In short, regression analysis aids market researchers, data analysts and computer scientists in identifying the best set of variables for their predictive models.
Why Regression Analysis is Important in Machine Learning
Machine learning, in particular the aspect associated with predictive modelling, is arguably nothing but applied statistics.
Both focus on decreasing the error of a model in order for it to make the most accurate predictions.
It is no surprise then that computer scientists borrowed from the well-understood field of statistics in order to develop predictive models that can be applied to machine learning.
Regression analysis is among the most used statistical modelling technique in machine learning.
Advantages & Disadvantages of Regression Analysis
The major advantages of regression analysis are its abilities to indicate the significant relationships between dependant variable and independent variable(s), and even to indicate the extent to which each independent variable affects the dependent variable.
Older regression models do have a few problems.
For example:
They do run on a few assumptions that can lead to inaccuracy.
They, for example, assume that the data is normal (the sample represents the population of data), the independent variables (predictors) are not correlated and measured without error, and homoscedasticity (that the variance of the error is constant across all observations).
Over-fitting is another disadvantage.
This occurs when we have a large number of parameters relative to the observations, resulting in a model that is a good fit with the training data but fails to make accurate predictions when it comes to variables outside of the training dataset.
Underfitting, on the other hand, occurs when the model makes too many assumptions and, therefore, isn’t properly fit to the training data nor able to make suitable predictions on the test data.

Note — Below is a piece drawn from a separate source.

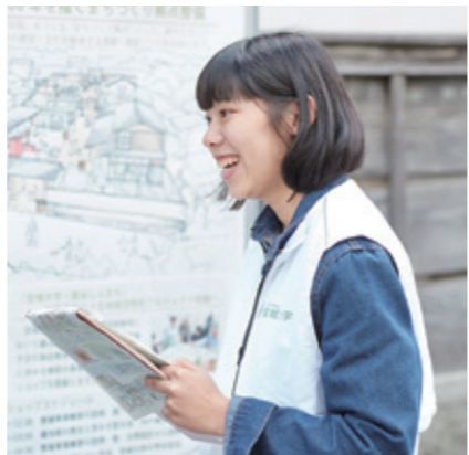
しんまちの100人アンケートでは、住民の声を拾い、一人一人の意見を受け止めて分析する調査研究を実施

民の理解があつたこと」と話します。きっかけは、4年前に基礎ゼミの試みを市が受け入れてくれたこと。200人の学生に富谷を自由研究させ、課題解決のアイデアを競わせました。このときの手応えから、長期的な視野で地域人材を育てる重要性に気付き、市と連携して取組を深化させてきました。

The problems of over- and under-fitting can, however, be overcome.
A remedy for the former is to reduce the complexity of the model by removing some of the parameters or using regularised parameters, while a remedy for the latter is to add parameters to increase complexity and reduce bias.
What Each Regression Technique is Useful for
In case you’re in a hurry and just need a solution, here’s a quick look at the strengths of each of the regression techniques discussed here:
1. Linear regression: To be applied when there exists a linear relationship between independent and dependent variables.
2. Logistic regression: Unlike linear regression, it does not assume a linear relationship.
3. Polynomial regression: When it is necessary to fit curves to the data.
4. Stepwise regression: A good method for automatic variable selection.
5. Ridge regression: Excellent for overcoming the problem of overfitting.
6. Lasso regression: An excellent method for feature selection, and also a good shrinkage method.
7. Jackknife regression: To estimate the predictive ability of a model.
8. ElasticNet regression: Overcomes any limitations of ridge and lasso on large datasets.
1. Linear Regression
Linear Regression is the oldest and most practiced form of regression analysis.
In linear regression, the independent variable(s) (X) are either continuous or discrete, the dependant variable (Y) is discrete and the regression line is linear.
Linear regression can be simple, with just one independent variable, or have more than one independent variable.
The model provides the relationship between the variables using the best fit straight line and it is represented by the equation Y=a+b*X+e, where ‘a’ is the Y intercept, ‘b’ is the slope of the regression line and ‘e’ is the error.
In the figure above, a regression line shows the relationship between the independent variable ‘height’ and the dependent variable ‘weight’.
Simple linear regression can be measured by calculating the mean, standard deviations, correlations and covariance of each observation from the data.
When there is more than one independent variable, however, we generally use the Least Squares method.
This method calculates the regression line by minimising the sum of squares of the variance of each data point from the line.
When using linear regression it is worth noting its assumptions and limitations, including sensitivity to both outliers and cross-correlations (both in the variable and observation domains), and potential for over-fitting.
Its sensitivity to outliers can drastically affect the regression line and thus the predicted values.
Multiple linear regression is limited by multicollinearity, which increases the variance of the coefficient estimates eventually resulting in unstable coefficient estimates that are sensitive to minor changes in the model.
2. Logistic Regression
The Logistic Regression method is used to find the probability of success or failure of an event when the dependent variable (Y) is binary (for example, 0 or 1, Yes or No).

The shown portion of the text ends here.